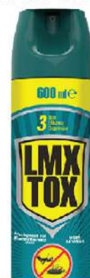
LMX TOX SPREJ ZA GMIŽUĆE INSEKTE 600ML
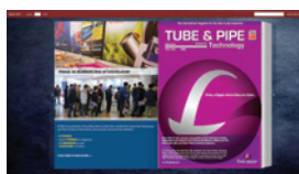
Opzione 2 Copertina Interna
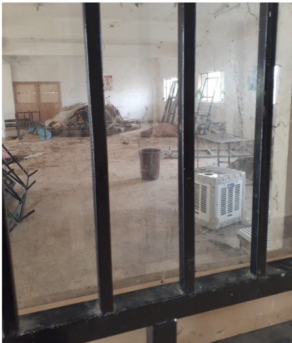
Abstellraum vor ...
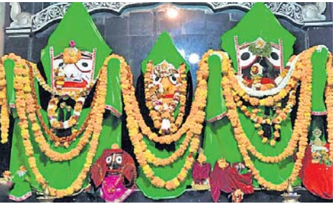
କନ୍ଧପୁର ଜଗନ୍ନାଥ ମନ୍ଦିରରେ ନବବର୍ଷ ପାଇଁ ଶ୍ରୀଜୀଉଙ୍କ ପୂଜାର୍ଚ୍ଚନା ଏବଂ ଦେବଦର୍ଶନ ପାଇଁ ମନ୍ଦିରରେ ଭକ୍ତଙ୍କ ଭିଡ଼।
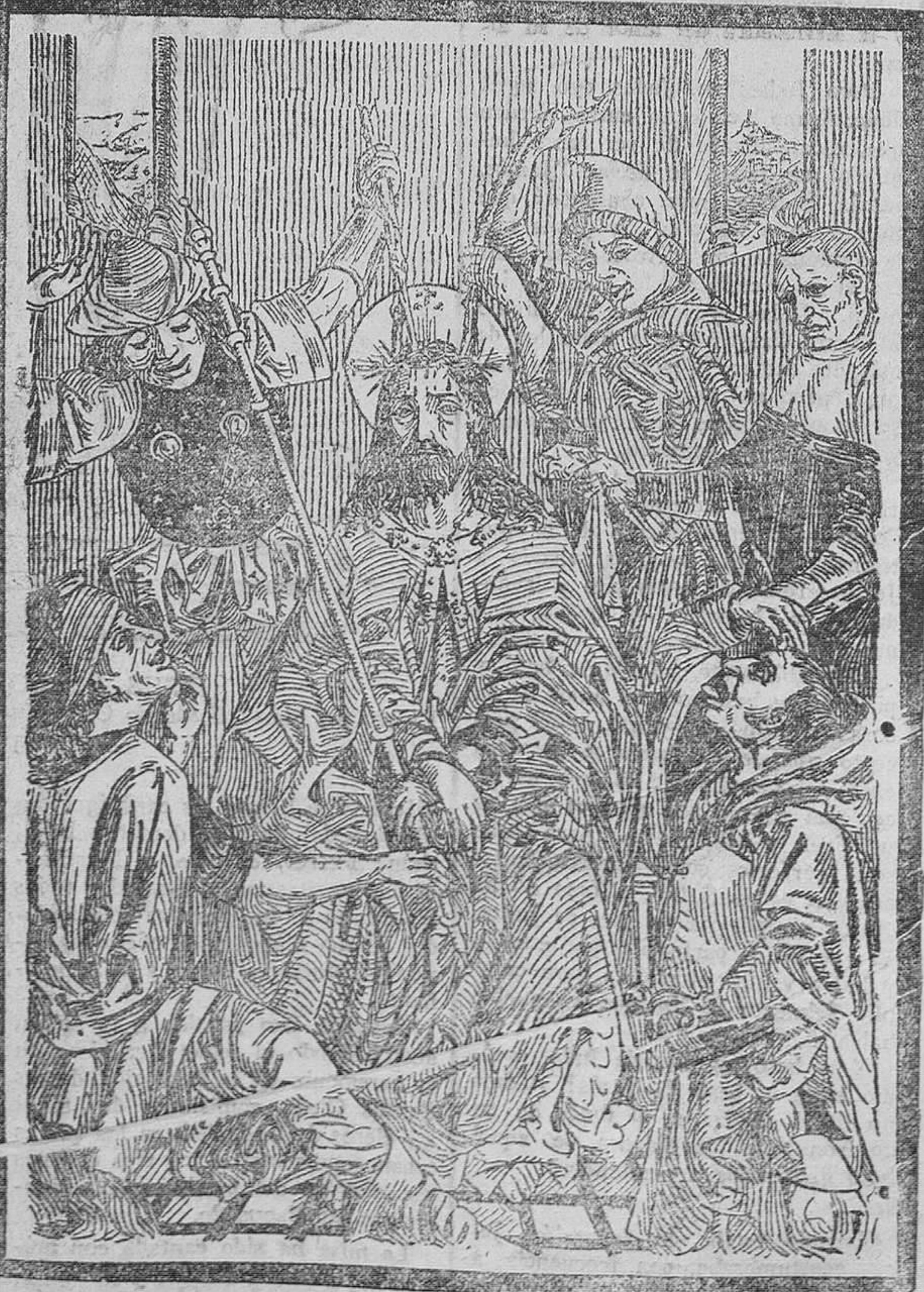
Lienzo del pintor Fernando Gallego, existente en el Museo del Greco, Toledo
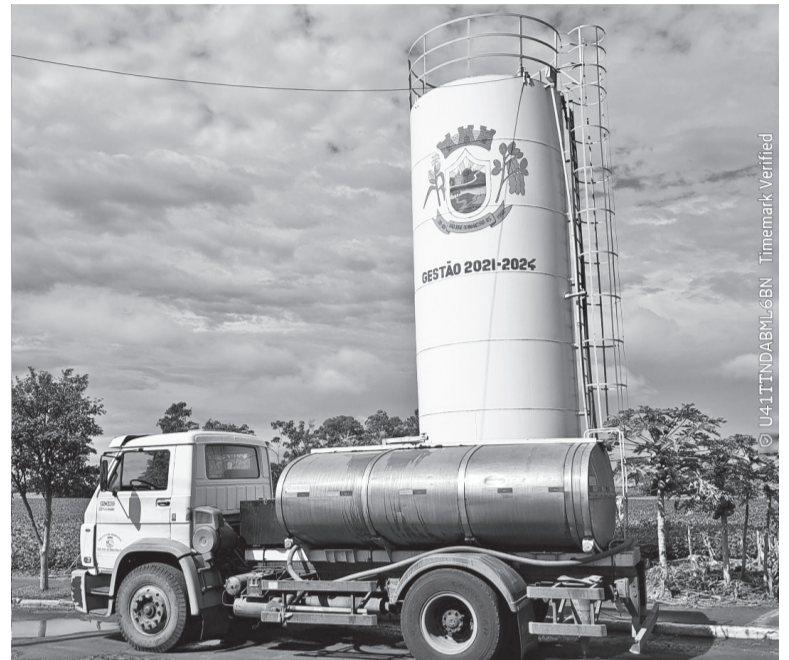
Abastecimento de água em Santo Antônio do Inhacorá

A soja concentra os maiores prejuízos com estimativa de redução de 45% na produtividade em relação à projeção inicial, o que representa cerca de 60 mil sacas que deixam de ser colhidas. O impacto econômico é de cerca de R$ 7,14 milhões a menos.
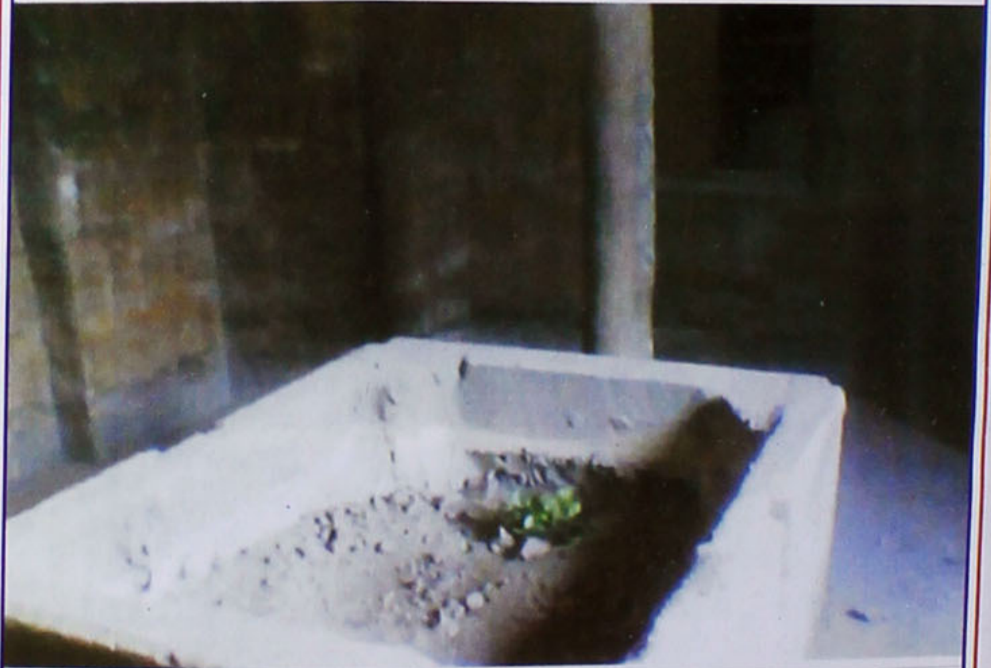
اندرون روضہ قبر اطہر کا ایک منظر
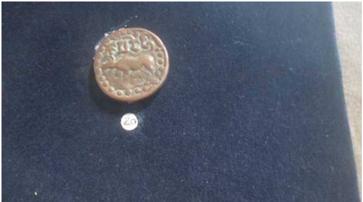
चित्र संख्या : १२ वृष मद्रा
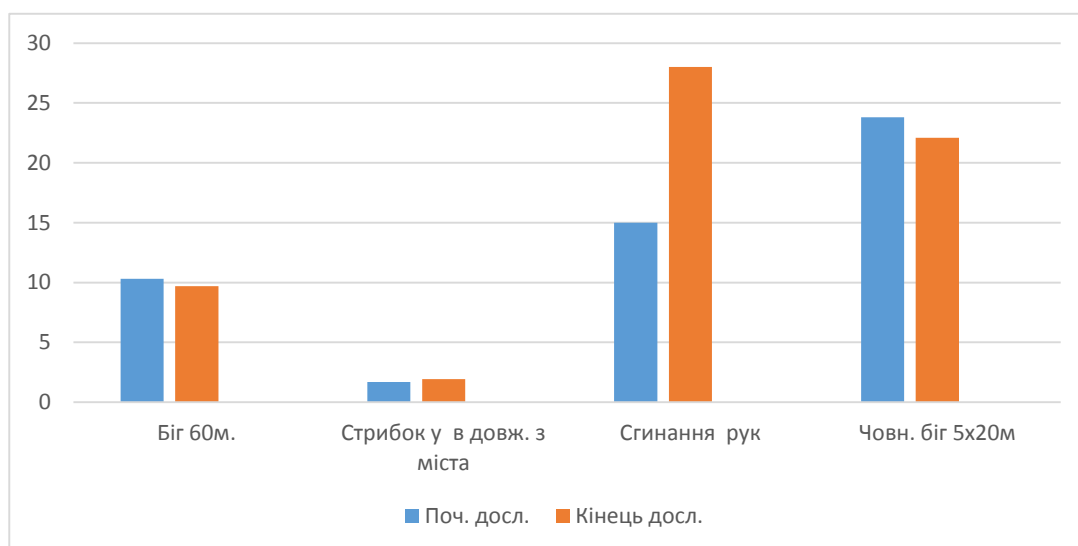
Рис.1. Динаміка розвитку фізичних якостей дівчат, що займаються хіп-хопом.

Порівняльний аналіз загальної фізичної підготовки дівчат, які займаються хіп-хопом (рис.1) показав, що приріст швидкості склав 0,4 с.
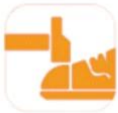
200 JOULE TOECAP
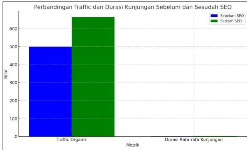
Gambar 2. Diagram Perbandingan Traffic Sebelum dan Sesudah Implementasi SEO
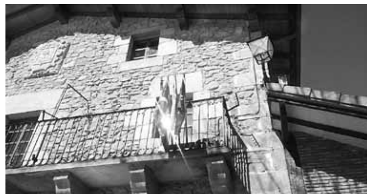
Espainiako bandera Garaikoagaz, ikurrinagaz eta Europakoagaz ipini dute.
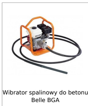
Wibrator spalinowy do betonu Belle BGA
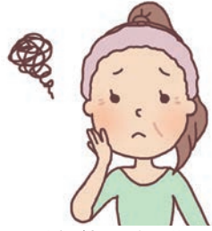
目元の印象が変わるだけで若々しくなります
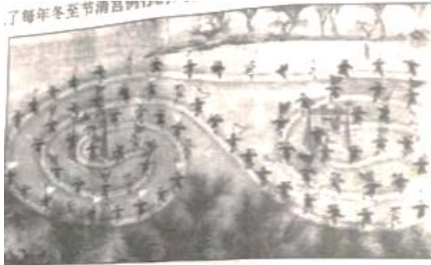
图 1 《冰嬉图》（乾隆时期）
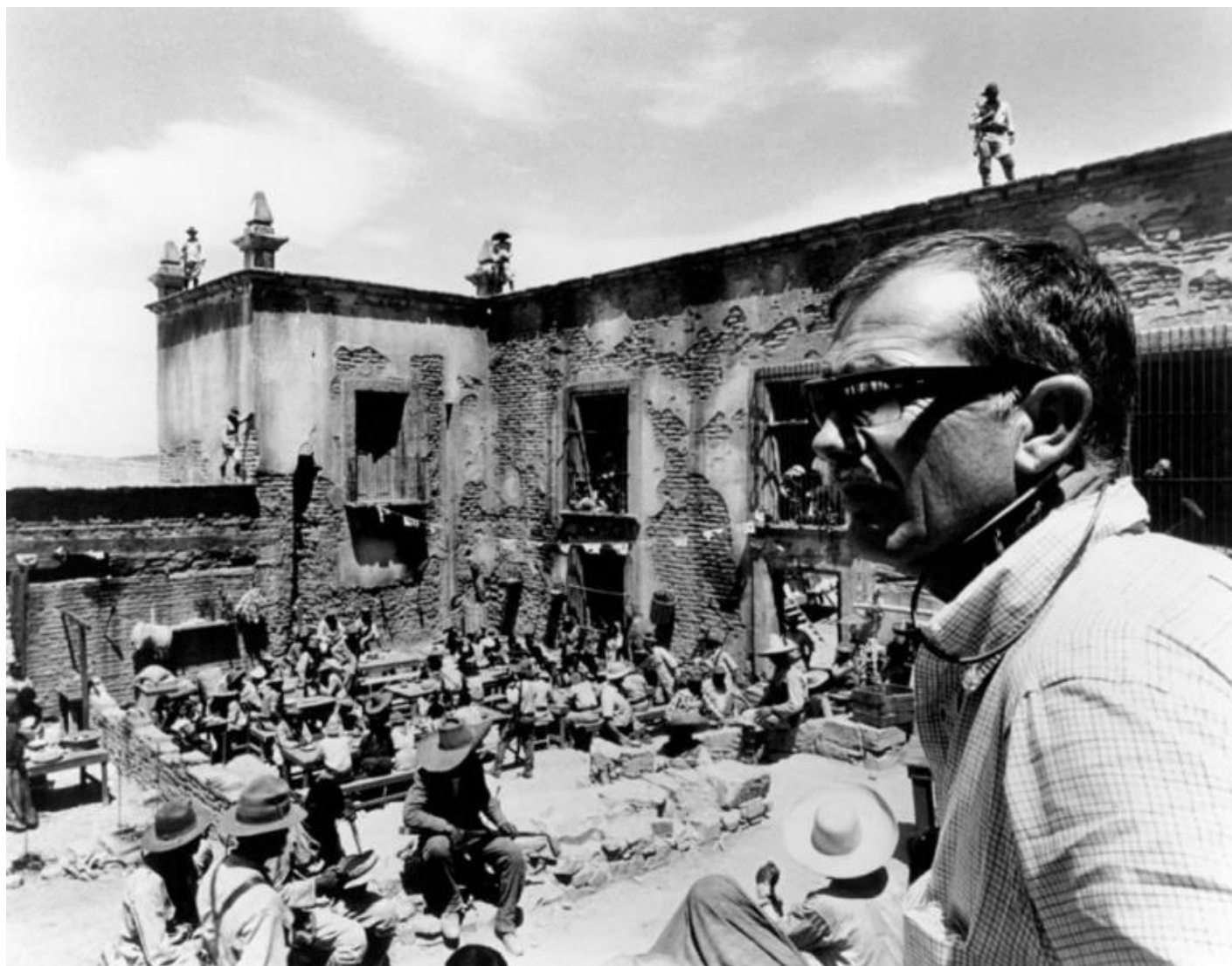
Sam Peckinpah sul set.

Ritornando solo per un attimo agli anni della sua prima uscita trascrivo un mio ricordo personale: The Wild Bunch , già negli anni '70 e prima delle proteste settantasettine, era film di culto tra estremisti di sinistra, in particolare nei vari (si chiamavano così) Servizi d'ordine. Ci sarebbe da riflettere su questa categoria allora diffusa e popolare ("il mio ragazzo è prima fila del servizio d'ordine...") ma qui ci interessa soltanto perché in sintonia con il tema vero del film: la violenza. Il sangue sgorga a fiumi, in The Wild Bunch . Ricordo che da ragazzini uscendo dal cinema contavamo i morti ammazzati. Peckinpah annuncia la morte sin dai titoli di testa. Con una morte insolita: quella di un temuto predatore. Uno scorpione viene sbranato dalle formiche. Un divertimento per i bambini straccioni che appariranno in quasi tutte le sequenze, sfondo costante di un mondo miserabile, ai confini estremi da tutto, sprofondata da sempre nel caos.
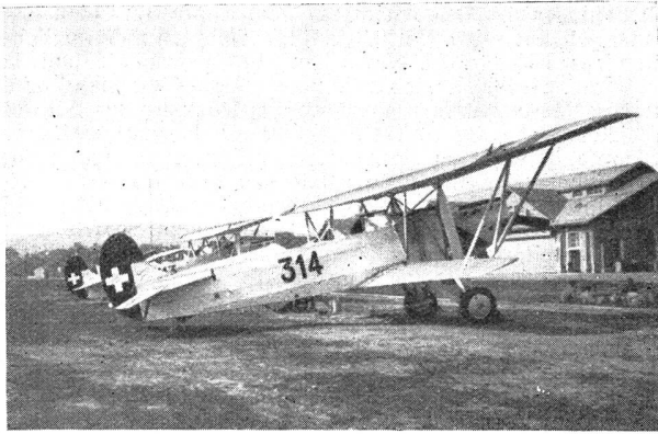
Le CVE. A droite, l'arsenal, avec en haut les cantonnements C. V. E. Rechts das Zeughaus, oben die Kantonmente
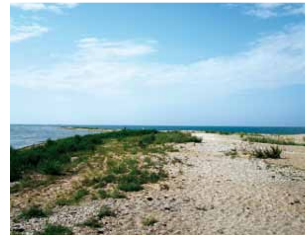
Tältä se maailmanloppu näyttää!
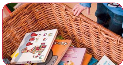
Les ateliers des petits lecteurs reprennent à la rentrée !

Ces animations gratuites et sans inscription sont ouvertes à l'ensemble des enfants de la commune, particulièrement aux enfants migrants et leurs parents. L'idée est simple : se familiariser avec la langue française tout en créant des liens avec la population locale avant l'entrée à l'école.
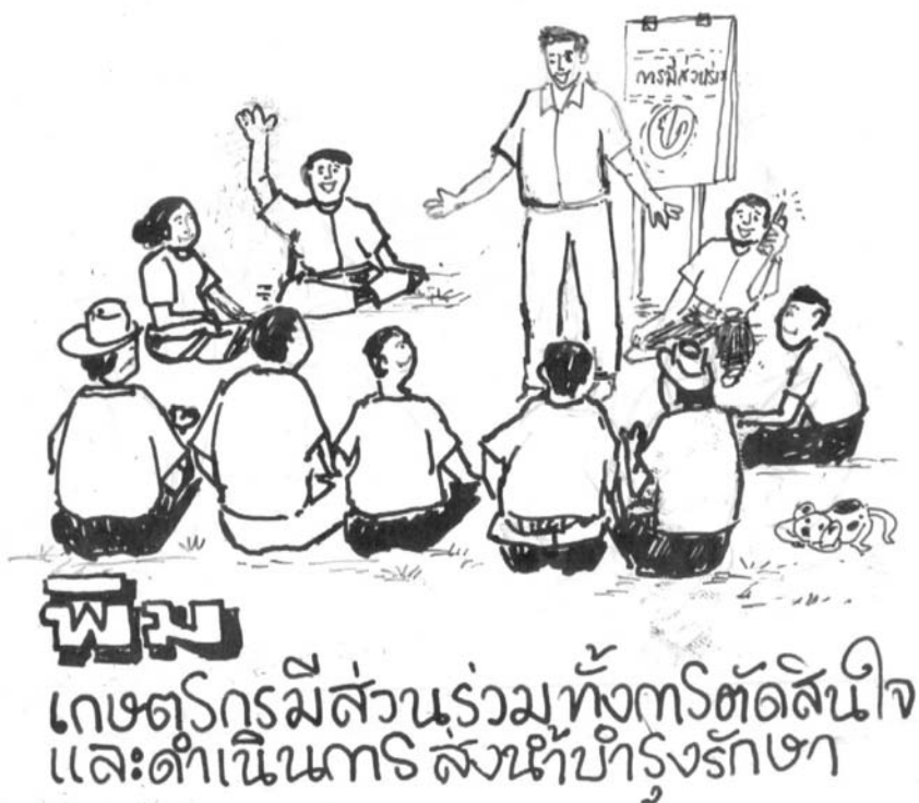
รูปที่ 3 : ตัวอย่างการประชุมผู้มีส่วนได้ส่วนเสียในการบริหารจัดการน้ำ

* * *

# TASK TO CARRY OUT
Search the entries above for "займаються". Show every line that has it.

# RESULT OF THIS EXERCISE
Рис.1. Динаміка розвитку фізичних якостей дівчат, що займаються хіп-хопом.
Порівняльний аналіз загальної фізичної підготовки дівчат, які займаються хіп-хопом (рис.1) показав, що приріст швидкості склав 0,4 с.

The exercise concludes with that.